**WHAT YOU ARE ASKED TO DO:**
Exactly the lines from the one holding "PREVEDENIE: Liu Jo" through the last line of the listing below must appear in the answer, and no pictures.

**GIVEN INFORMATION:**
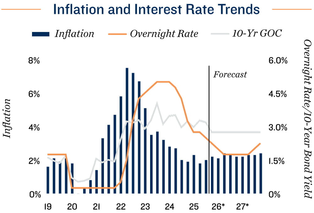 Bond yields ease, offering modest relief to CRE financing. After remaining elevated for much of 2025, Canadian bond yields have trended lower in recent weeks, driven by the United States Federal Reserve’s rate cuts and Canada’s federal government removing retaliatory tariffs. The repricing has narrowed borrowing spreads and provided some relief to commercial real estate financing costs, particularly for long-term fixed-rate debt. However, the downside for yields appears limited. Persistent global tariff tensions and Ottawa’s rising fiscal spending are expected to keep term premiums higher than pre-pandemic norms. While further declines are possible if global growth softens, the bond market is likely to stabilize near current levels. This means capital costs for investors and developers may remain above historical averages even as monetary policy eases.
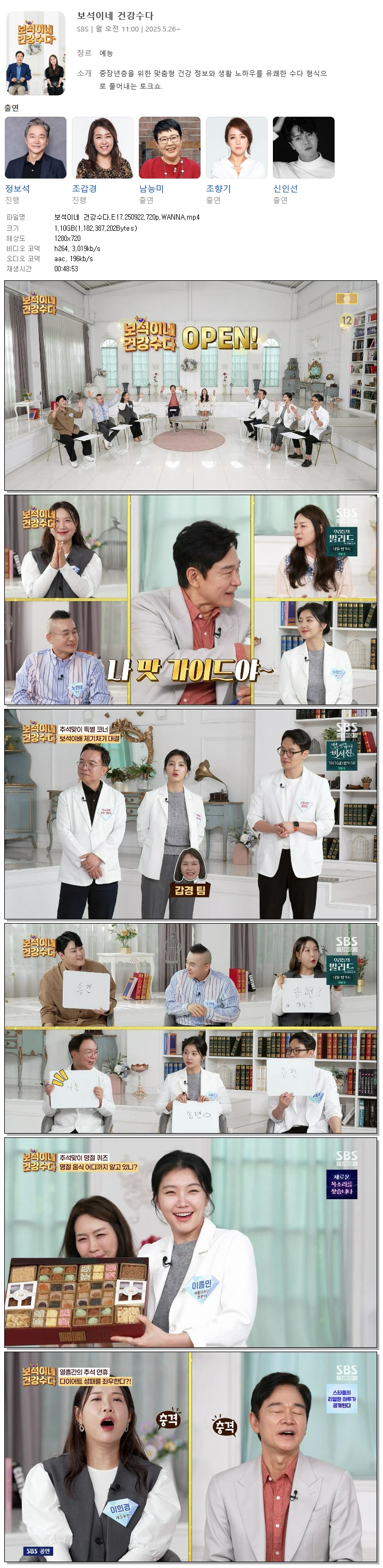 [SBS] 보석이네 건강수다.E17.250922.720p.WANNA[정보석, 조갑경]
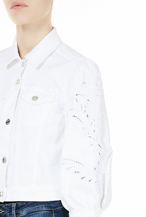 PREVEDENIE: Liu Jo dámska biela riflová bunda s madeira vzorom. Bunda s ozdobnými striebornými gombíkami, strihom do pása. Bunda s balónovými, trojštvrťovými rukávmi s madeira vzorom. FARBA: biela ZLOŽENIE: 93% Bavlna, 5% Polyester, 2%Elastan Ceny sú uvedené s DPH. Dostupné veľkosti sú uvedené v možnostiach košíka.
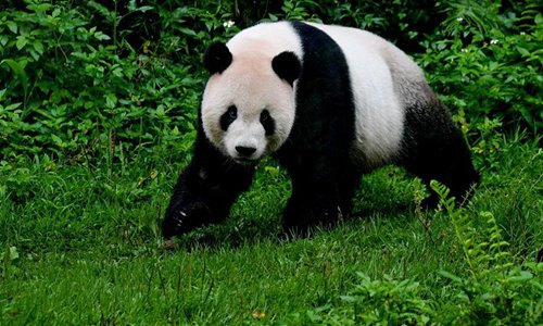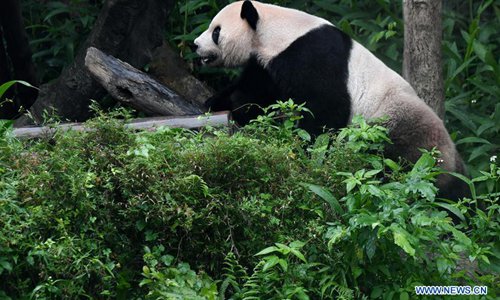 The giant panda Tuantuan plays at the Taipei Zoo in Taipei, southeast China's Taiwan, May 6, 2019. At the Taipei Zoo, the two giant pandas Tuantuan (male) and Yuanyuan (female) have drawn large crowds eager to catch a glimpse of the chubby bears through the past ten years. The two giant pandas were sent to Taiwan from the Chinese mainland in late 2008. In 2013, Tuantuan and Yuanyuan had a baby called Yuanzai. (Photo: Xinhua)

**ANSWER:**
 PREVEDENIE: Liu Jo dámska biela riflová bunda s madeira vzorom. Bunda s ozdobnými striebornými gombíkami, strihom do pása. Bunda s balónovými, trojštvrťovými rukávmi s madeira vzorom. FARBA: biela ZLOŽENIE: 93% Bavlna, 5% Polyester, 2%Elastan Ceny sú uvedené s DPH. Dostupné veľkosti sú uvedené v možnostiach košíka.
 The giant panda Tuantuan plays at the Taipei Zoo in Taipei, southeast China's Taiwan, May 6, 2019. At the Taipei Zoo, the two giant pandas Tuantuan (male) and Yuanyuan (female) have drawn large crowds eager to catch a glimpse of the chubby bears through the past ten years. The two giant pandas were sent to Taiwan from the Chinese mainland in late 2008. In 2013, Tuantuan and Yuanyuan had a baby called Yuanzai. (Photo: Xinhua)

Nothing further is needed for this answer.